(Exercise material begins)

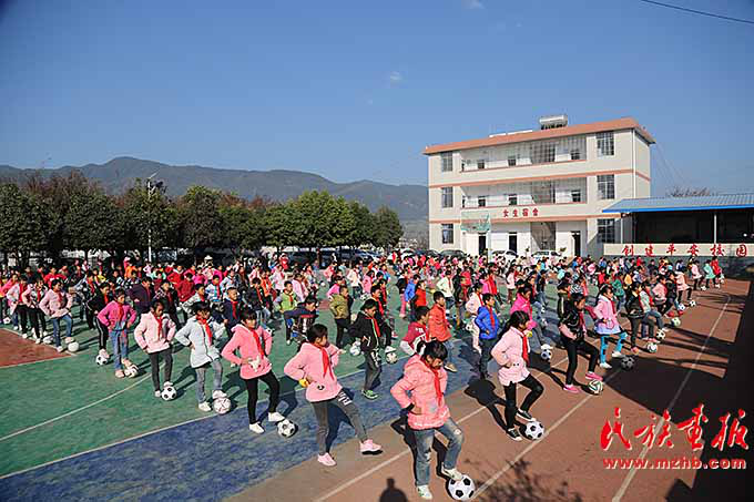 在新村联排别墅的最南边是中村乡小学,这所学校是同傈园新村相依而伴建在一起的。上午十点,课间操的铃声打破了新村的宁静。学生们欢快地冲出教室,每人手捧足球,来到操场。在老师统一的号令下,孩子们跳起了足球课间操。欢快的音乐旋律,伴着运球、带球等不同的动作,孩子们的天真烂漫得到了充分诠释。小学校长张世喜看着学生们欢乐的表情,高兴的表情溢于言表。他说:“孩子们太幸福了。”16年前,张世喜从楚雄师院毕业回到了家乡的中村乡峨山村委会小学,“场是土巴地,篮球架是用两棵大树做成的,教室里的桌椅高矮不一,找不到品相相同的两张课桌,孩子们的宿舍是两三个人挤一张床……”回忆起那时情景,张世喜记忆犹新。 “现在好了,住宿生县财政每月每人都要补贴100元伙食费,孩子们顿顿有肉吃了,还为我们建起了两栋宿舍楼,268名住宿生每人一张床,再也不用挤着睡了。”张世喜说,在这样的办学条件下,我们工作越来越有激情了。
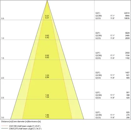 ![]() The colour code is a combination of colour rendering (CRI) and light colour (Kelvin). The first number indicates the colour rendering (1 = very poor colour rendering, 9 = maximum colour fastness). The second and third number contains the light colour. Example: the colour code 830 consists of good colour rendering (8) and warm white light (3000K). |
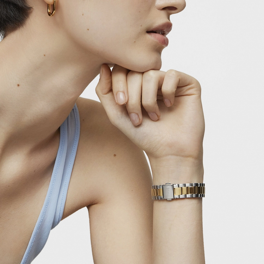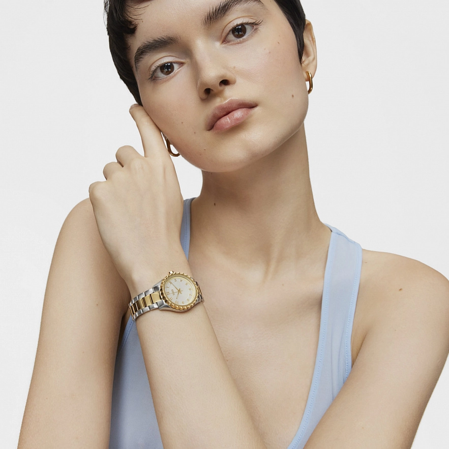 Годинник TOUS Mini T-Bear з браслетом і корпусом з нержавіючої сталі та IPG-сталі золотистого кольору. Мінерал: плаский, круглий. Діаметр: 31,2 мм. Безель з рельєфними ведмедиками. Функції: години, хвилини і секунди. Водонепроникність до 5 АТМ. Батарейка: 1.55 В, оксид срібла SR626SW / 0.4 грама. Калібр: MIYOTA 2035. Японський кварцевий механізм. Застібка-метелик.
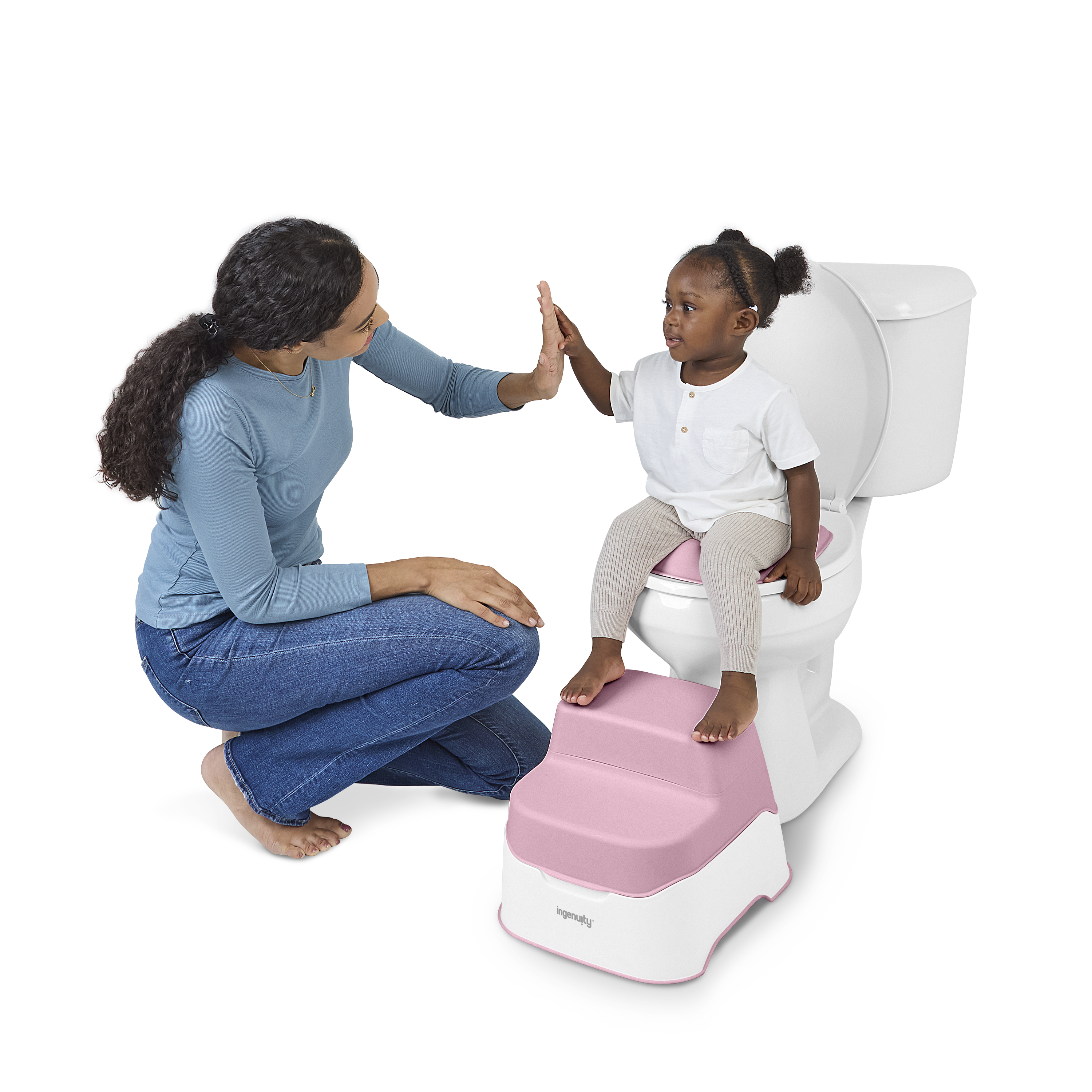 - Observa cómo tu hijo o hija pasa por todas las etapas de aprender a ir al baño con esta bacinica 3 en 1 que pasa de ser una bacinica independiente a una tapa de inodoro para adultos y a un taburete con escalones.
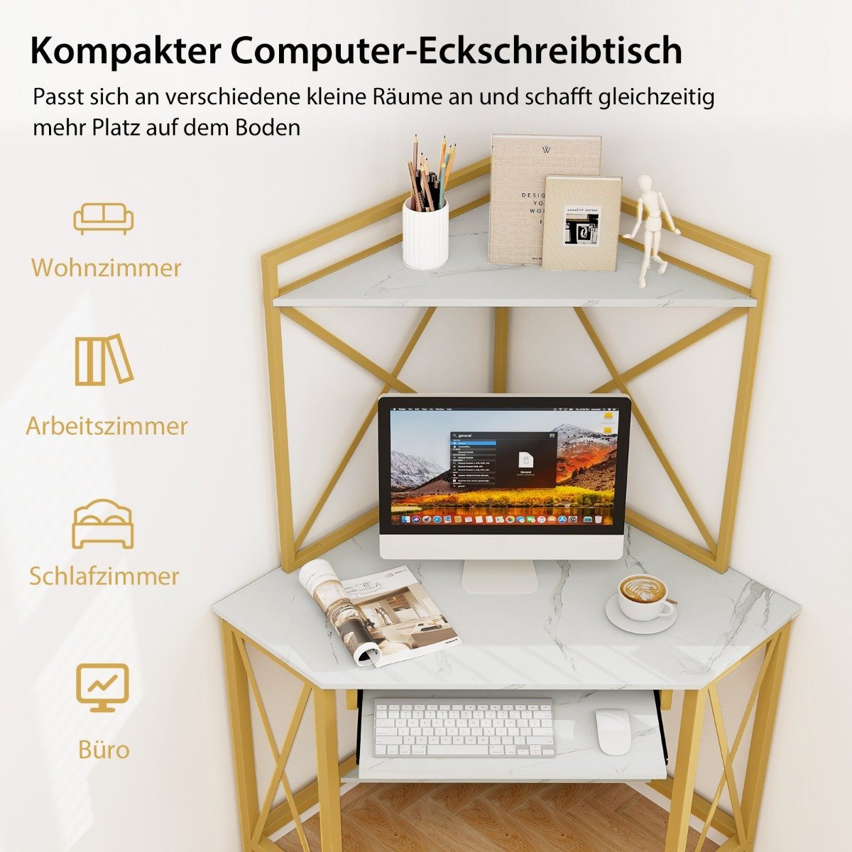 Šis kampinis rašomasis stalas, sujungiantis spintelę ir darbo stalą, suteikia daugiau vietos daiktams laikyti nei įprasti rašomieji stalai. Erdvus darbo paviršius su ištraukiama klaviatūros dėkle ir papildoma apatine lentyna užtikrina patogią darbo vietą. Integruota pakrovimo stotelė su dviem kintamosios srovės lizdais ir dviem USB prievadais leis visada palaikyti jūsų įrenginius įkrautais.
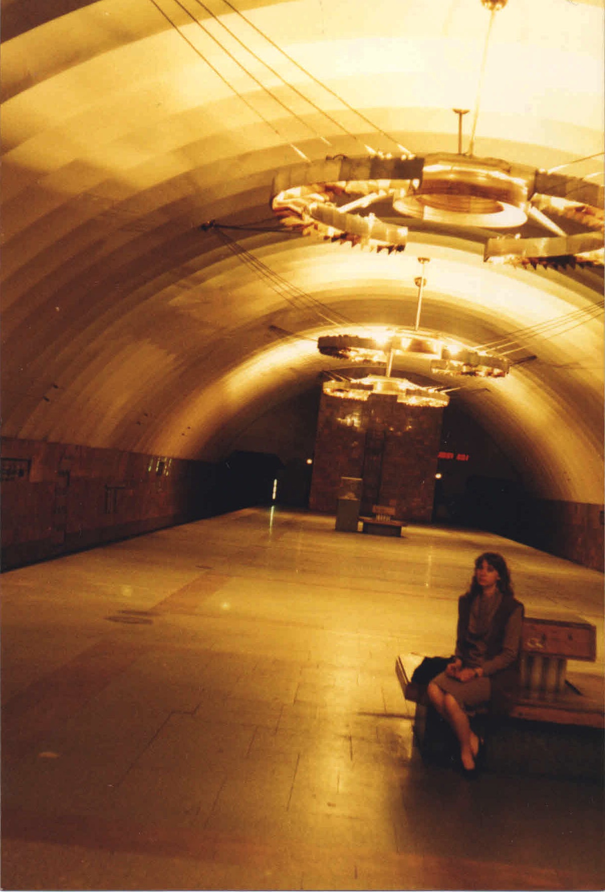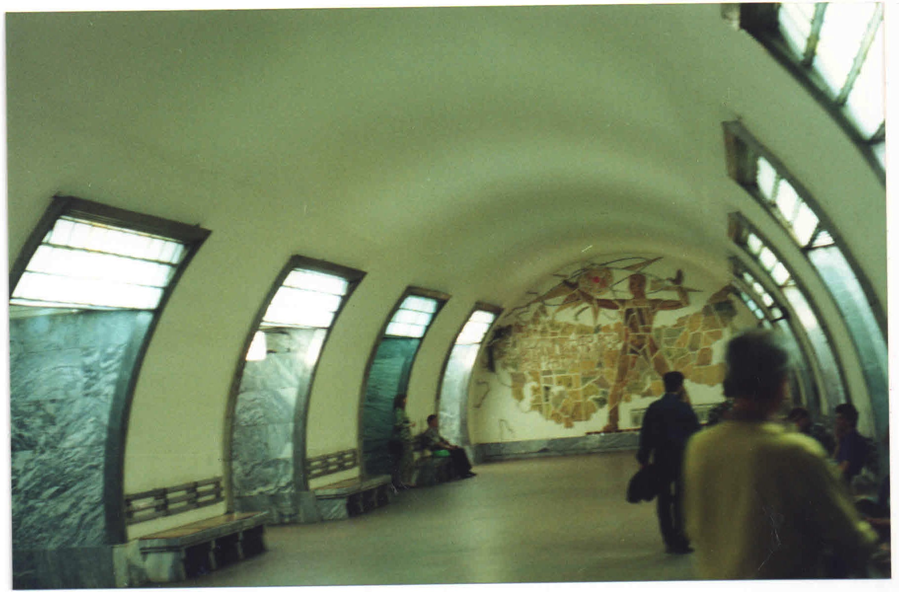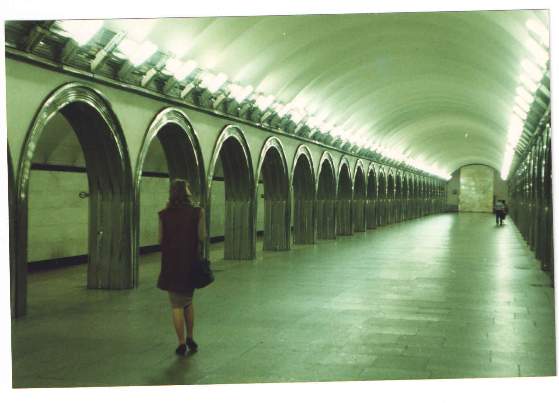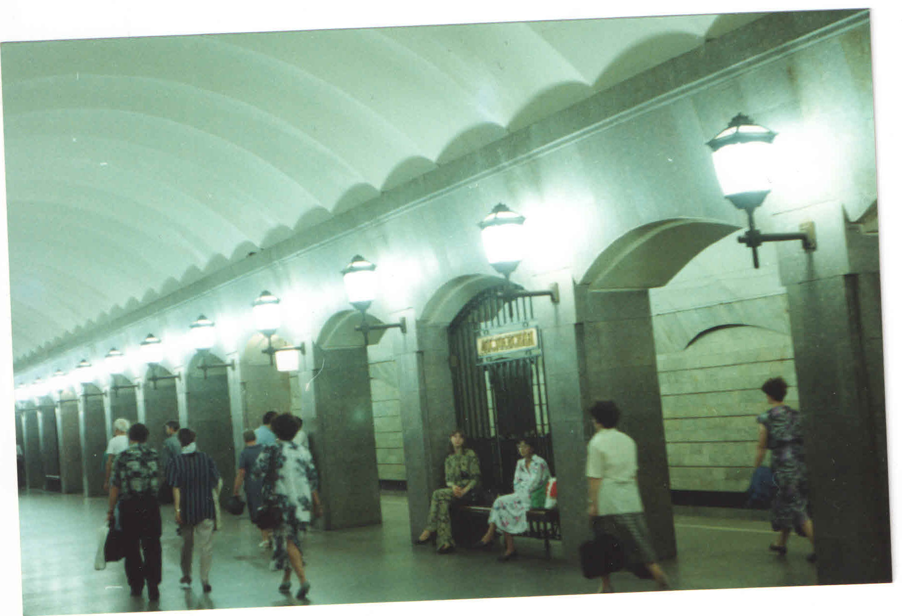 Стены всегда были чёрные. От ртутных ламп нередко даётся зеленоватый оттенок. А там в 90-е освещение не только работало вполсилы, но и лампы были менее яркие и др. оттенка. Кстати, на фото с эскалаторами эти зелёноватые блики на балюстрадах особенно заметны.
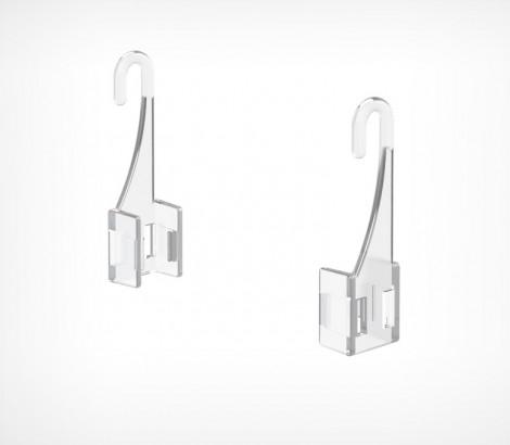 Фиксированный крючок для крепления пластиковых рамок в перфорированных вставках в подвесные профили. Для подвешивания одной рамки необходимо два крючка разной ориентации (правый и левый). Закрепляются на боковых поверностях рамки.
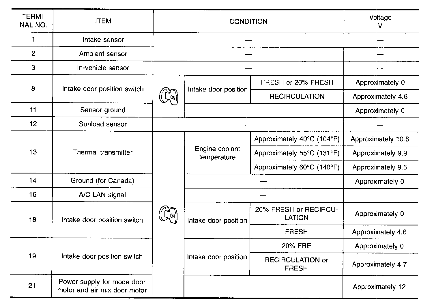 Measure voltage between each terminal and body ground by following "
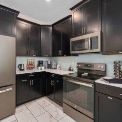 • Fully Equipped Kitchen – Granite countertops, stainless steel appliances & spice rack
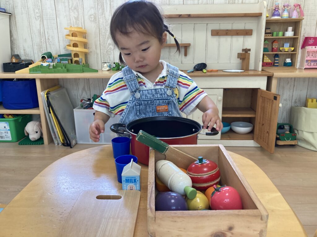 いつもおままごとがとても上手なので、机の上におままごとのおもちゃをセットして、落ち着くのを待っていたら…
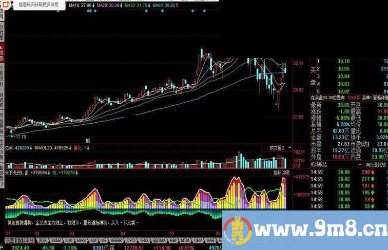 献给股民朋友们的大礼,这是一个令人心旷神怡的指标,不仅图形很直观,而且色彩很好看,用起来也很简单。看一下下面的说明就可以了。
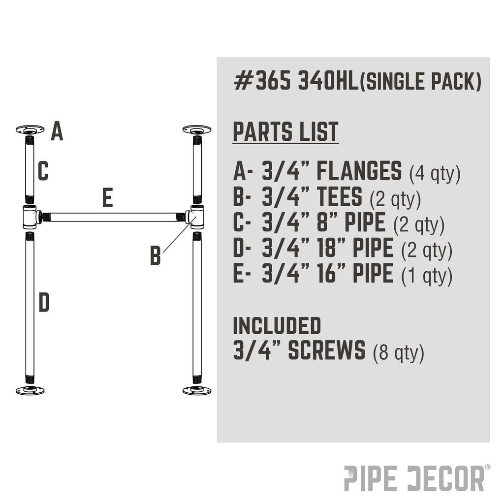- Kit includes: (2) 3/4 in. x 8-inch pipes, (2) 3/4 in. x 18-inch pipes, (1) 3/4 in. x 16-inch pipe, (4) 3/4-in. round flanges, (2) 3/4 in. Tees, (8) screws, instructions, and a clean and seal sheet
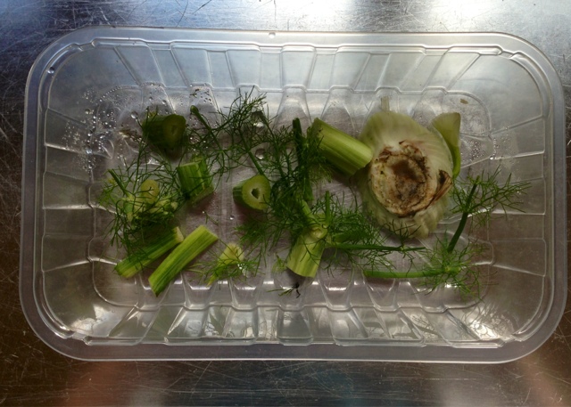 ménage á trois of radish, mushroom stems and garlic. tasty. oh there's a parsley leaf in the right corner which doesn't seem to be invited. oi
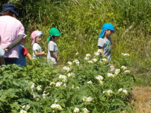 ・「メイクイーンの花は紫色、男爵は白い花だよ。」「どちらも真ん中に黄色いね。」テントウムシを見つけ、「ジャガイモの葉っぱを食べる悪いテントウムシじゃない?」JAの宮崎さんが、この花が枯れるころになるとジャガイモが収穫できるよ。」と教えてくれました。
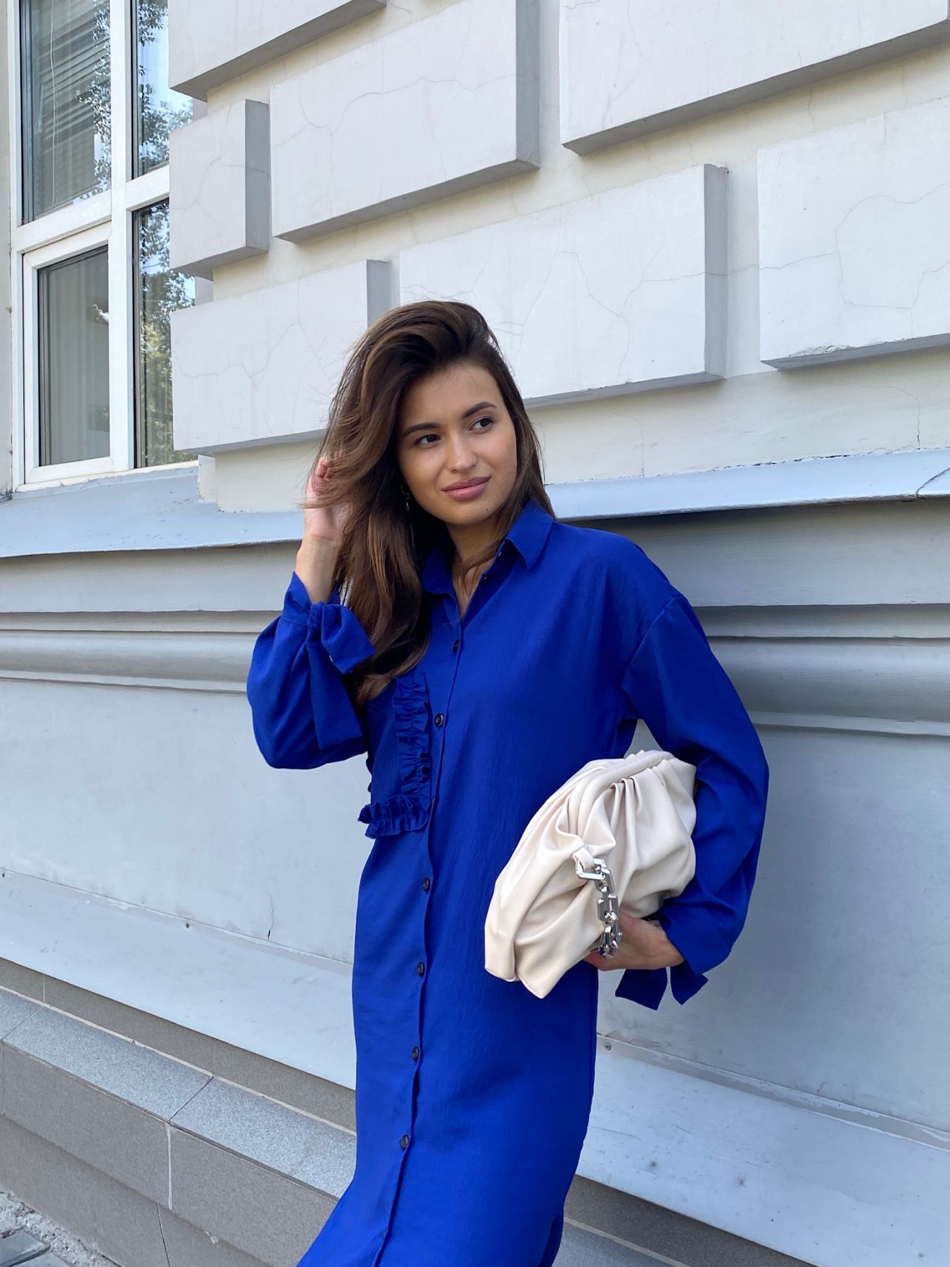 6931 Платье-рубашка с объёмными рукавами голубое

(Exercise material ends)

Although the records hold pictures, the copy must not; give again exactly the lines from the one with "- Observa cómo" through the one with "Šis kampinis rašomasis".

Output of the exercise
 - Observa cómo tu hijo o hija pasa por todas las etapas de aprender a ir al baño con esta bacinica 3 en 1 que pasa de ser una bacinica independiente a una tapa de inodoro para adultos y a un taburete con escalones.
 Šis kampinis rašomasis stalas, sujungiantis spintelę ir darbo stalą, suteikia daugiau vietos daiktams laikyti nei įprasti rašomieji stalai. Erdvus darbo paviršius su ištraukiama klaviatūros dėkle ir papildoma apatine lentyna užtikrina patogią darbo vietą. Integruota pakrovimo stotelė su dviem kintamosios srovės lizdais ir dviem USB prievadais leis visada palaikyti jūsų įrenginius įkrautais.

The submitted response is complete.